Animals are seasonal creatures. Every winter, the birds head south for sunnier temperatures, while furrier land-bound creatures hole up in their little homes, try to stay warm and hibernate. Then, with the first hint of sunshine and spring, they start to stir and stick their noses out into the air. The salmon struggle upstream to breed while the birds come home to roost.
In the little flat I share with Saffy and Amanda, the beginning of each year marks the opening season of American Idol and as Ryan Seacrest yells out “This is A-mer-ican Idol!”, you just know that life is going to be, once again, bright, harmonious and fun again.
“I love this show!” Amanda said the other night as we settled in to watch the auditions aboard an aircraft carrier docked in San Diego.
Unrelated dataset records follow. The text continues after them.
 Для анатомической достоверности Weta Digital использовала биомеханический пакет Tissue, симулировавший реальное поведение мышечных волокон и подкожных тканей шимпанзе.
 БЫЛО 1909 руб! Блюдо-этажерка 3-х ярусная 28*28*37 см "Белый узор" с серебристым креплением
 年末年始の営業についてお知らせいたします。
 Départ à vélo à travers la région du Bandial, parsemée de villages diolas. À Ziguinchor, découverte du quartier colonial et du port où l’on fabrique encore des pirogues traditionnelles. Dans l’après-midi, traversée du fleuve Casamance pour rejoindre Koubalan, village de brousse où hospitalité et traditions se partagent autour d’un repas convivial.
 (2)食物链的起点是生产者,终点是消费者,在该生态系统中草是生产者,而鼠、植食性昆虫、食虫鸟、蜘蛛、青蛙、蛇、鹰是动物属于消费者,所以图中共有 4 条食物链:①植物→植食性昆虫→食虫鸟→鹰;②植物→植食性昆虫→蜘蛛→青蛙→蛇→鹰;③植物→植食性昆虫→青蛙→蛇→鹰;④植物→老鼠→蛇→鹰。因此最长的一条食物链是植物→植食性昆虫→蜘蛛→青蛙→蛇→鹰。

“There aren’t enough deluded tone-deaf people singing and behaving badly this year,” I noted with a seasoned critical ear.
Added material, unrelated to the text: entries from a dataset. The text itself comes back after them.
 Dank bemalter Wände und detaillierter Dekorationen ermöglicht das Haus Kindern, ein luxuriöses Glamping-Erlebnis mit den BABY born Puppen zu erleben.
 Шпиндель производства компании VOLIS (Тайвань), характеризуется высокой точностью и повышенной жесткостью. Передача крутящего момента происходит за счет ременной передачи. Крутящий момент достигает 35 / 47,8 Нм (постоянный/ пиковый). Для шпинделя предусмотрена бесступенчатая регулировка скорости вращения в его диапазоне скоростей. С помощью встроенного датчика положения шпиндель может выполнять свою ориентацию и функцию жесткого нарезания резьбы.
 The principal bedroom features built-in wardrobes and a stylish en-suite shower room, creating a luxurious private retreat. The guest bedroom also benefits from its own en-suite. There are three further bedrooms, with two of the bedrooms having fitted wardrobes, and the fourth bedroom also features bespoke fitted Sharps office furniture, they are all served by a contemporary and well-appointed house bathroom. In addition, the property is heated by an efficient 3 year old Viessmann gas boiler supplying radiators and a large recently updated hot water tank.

“I want to have Steven Tyler’s baby!” Saffy mumbled through a mouthful of popcorn.
“You have a boyfriend, Saffy!” Amanda said from the other end of the couch, disapproval etched into every syllable.
“I know that, but there’s no rule that says you can’t have a boyfriend and still have Steven Tyler’s baby. He’s such a wrinkled old man, but there’s something so unbearably sexy about him!” Saffy’s bosom inflated with enthusiasm.
And that’s the thing about American Idol: It encourages you to dream. It doesn’t matter if you’re a waitress, a single mother, a mechanic, a coal miner, an unemployed kid, or a college student – if you dream big, anything could happen. Even having a baby with Steven Tyler.
And especially if you’re Jim Carrey’s daughter - who actually auditioned and was sent to Hollywood.
Amanda was shocked. “Jim Carrey’s daughter is a waitress? Why is Jim Carrey’s daughter a waitress?”
“Maybe she’s a high-class waitress?” Saffy offered as she peered into the depths of her bosom looking for a stray popcorn.
“Yes, but he’s worth bazillions. Would you be a waitress if your father was worth bazillions? I’d be at the spa all day! And this girl can sing, too,” Amanda added, in the dark, her face bathed with the flickering TV light. “You’d think her father with all his connections would pull a string or two to get a recording contract.”
“Yeah, like Priscilla Presley!” Saffy said.
After a moment’s silence, Amanda pointed out that Elvis was dead.
“You think his name didn’t open doors? Really?” Saffy asked with her usual penetrating insight.
In a world where even someone like Paris Hilton can release a studio album, it seemed to us very strange, not to mention unfair, that Jim Carrey’s daughter had to go through the humiliating TV experience of an audition just so she didn’t have to be a waitress for the rest of her life.
“Well, at least she can sing. She has talent,” Saffy said. “I don’t have any talent. No, really, I don’t. I can’t cook, I can’t sing, I can’t dance, I can’t write. I have no hand-eye coordination. Which means we can immediately rule out a career as Martha Stewart, Beyonce, Jennifer Lopez, JK Rowling or Serena Williams!”
The idea depressed Saffy for days. “Amanda can live on her retirement loot as a lawyer and you,” she said, dejectedly lifting a nose in my direction, “you’re going to inherit from your parents, but what am I going to do? I have no talent for anything!”
“Well, you’re a very capable HR manager!” But even as I said those words, I knew how hollow they sounded.
“Everyone hates the HR manager!” Saffy said. “People see me walk down the corridor and they tense up. The other day, this secretary told me that after she had a meeting with me, she couldn’t pee for six hours.”
Nothing we said could change her mind. Not even the prospect that her adoring boyfriend Bradley would one day earn enough money to be able to support her in the lifestyle to which she’s become accustomed in her fantasy world.
“Oh, please. He’s an accountant who’s in charge of payroll. Where’s the money going to come from?”
“He could embezzle?” Amanda said helpfully.
“Great. Thank you, Amanda. Now, I’m dating a potential con-man.”
“I’m just saying!”
Saffy’s eyebrows wrinkled. “Do you think Changi prison provides its inmates with spousal conjugal rights?”
“Aiyoh, why you like that, one?” Saffy’s best friend Sharyn exclaimed. “You got no talent, got no talent, lor. You’ll have beautiful children, lah!”
“Oh great. I’ll be the world’s most talentless mother. And I’ll be poor. It’s no wonder my kids will be auditioning on American Idol!”
“Or worse,” Sharyn added darkly, “Singapore Idol!”